Из дальней дали, из дворцовых интерьеров
Они с улыбкой смотрят на меня.
С насмешкою. На что я трачу силы,
На что потратила – ума не приложу.
С высот седых смотрю на сюр постылый —
На прошлое. И им не дорожу.
Но каждый миг сегодняшнего дня
По капле драгоценной измеряю,
И долго ли продлится он, не знаю.
И знать не надо – лишняя возня.
Но отчего прозрачной тон воды
Напоминает лестничные марши
В перилах оникса дворцовой старины, —
И глубже… дальше… дальше… дальше… дальше…

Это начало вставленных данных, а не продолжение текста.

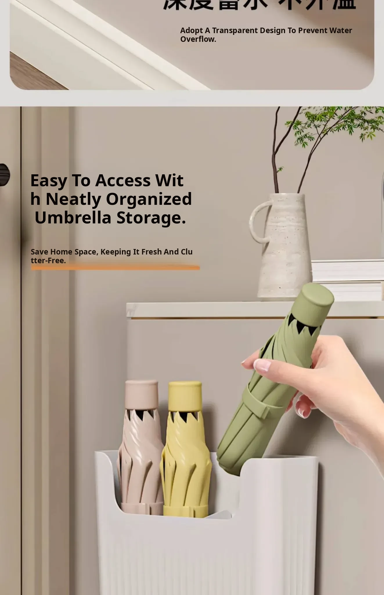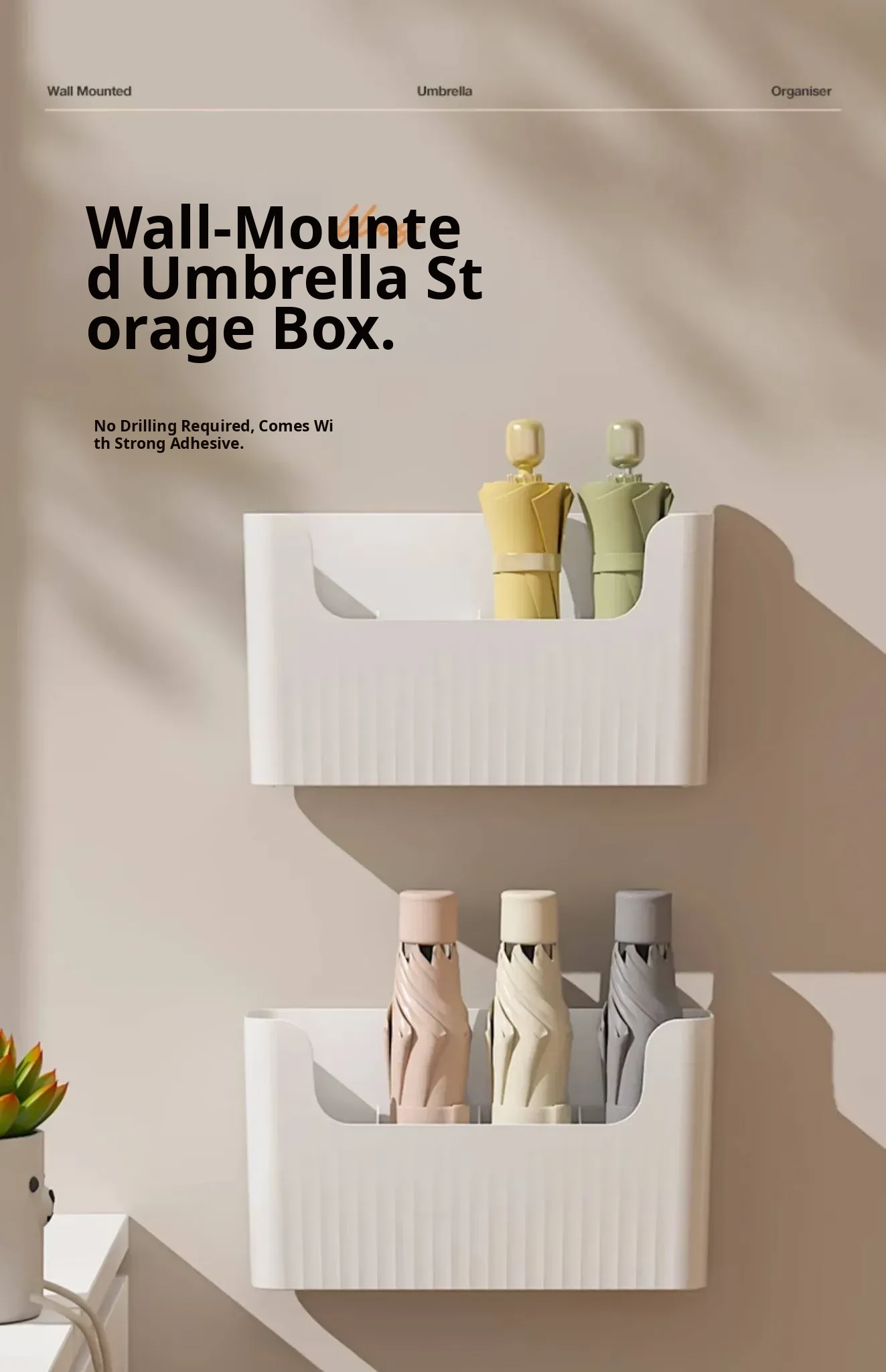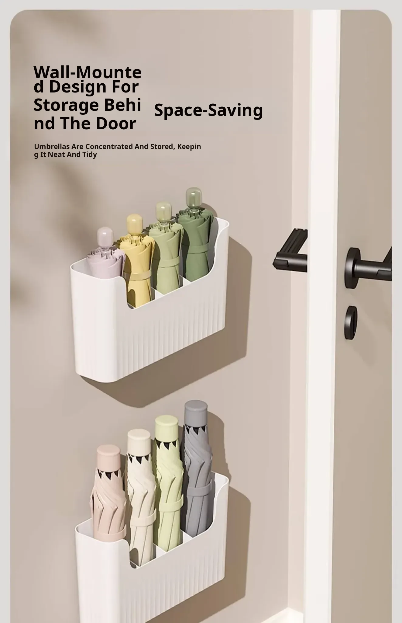 Japanese Style Wall-Mounted Umbrella Rack – Home Entryway Storage Solution with Draining Bucket, No Drilling Required, Perfect for Keeping Your Entrance Tidy
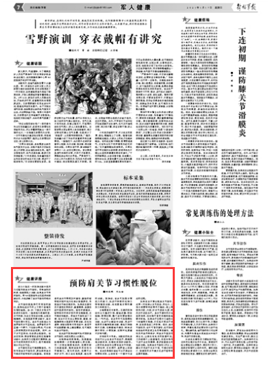 如果官兵不慎出现肩关节脱位,应第一时间停止关节活动,用毛巾、三角巾或腰带将前臂吊于胸前,使上臂保持内收、内旋,肘关节屈曲90度,然后及时送医治疗。肩关节复位的方法虽然简单,但对施行者的技能和经验要求较高。如果治疗过程中力道和分寸把握得不准确,不仅起不到治疗效果,还容易造成二次伤害。因此,肩关节脱位后,切不可盲目复位,应尽快找有经验的军医或卫生员帮助复位。复位后用肩吊带保护,将肩关节固定四周左右,让患处有充足的恢复时间。之后根据个人恢复情况,在医生指导下进行适应性锻炼,逐步恢复患处的机体功能。如果肩关节脱位3次以上,建议尽早进行手术干预, 可通过创伤小、恢复快的关节镜方式进行韧带和盂唇的修复。
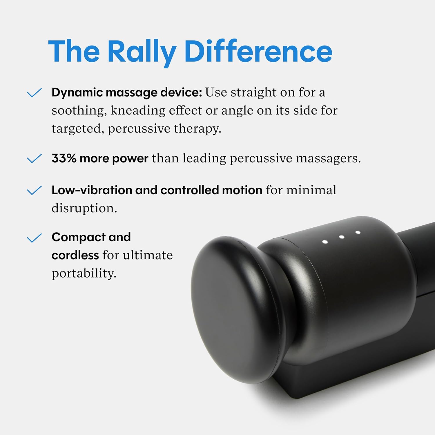 Low-Impact, High-Performance Relief – Rally’s unique orbital action delivers 1600–3200 RPM for deep tissue support with 33% more speed than leading percussive massagers. Switch from soothing orbital massage to deep tissue percussive massage by pivoting Rally on its edge.

В том детстве… недоверчивом, пустом…
Альбом ушедшей бабушки старинный,
Покрытый ониксом, как во дворце перила,
И узнаванье глаз ундины – волн…
(25.05.06)
Кадр уходит
Еще в глазах зеленый взлет волны,
Еще в ушах волшебный глас ундины,
И очи оникса глядят из глубины,
Безмолвной жаждой жадною палимы.
Еще гремит, грохочет перекат —
Стоячих волн безумствующих стая
Толпится в русле. Водопадов ряд
Приподнялся, добычу поджидая.
Еще цветы не расцветали те,
Что принесут в неведомое место,
А кадр уходит дальше в темноте
Туда, где никогда не будет тесно.
(26.05.06)
Мега-разрешенье
То холод, то жара. И мураши по телу.
Гусиной кожи плащ сменяет нежный шелк.
Холодный ветер норд из ледяной капеллы
Дыряв. И сквозь него термальный льет поток.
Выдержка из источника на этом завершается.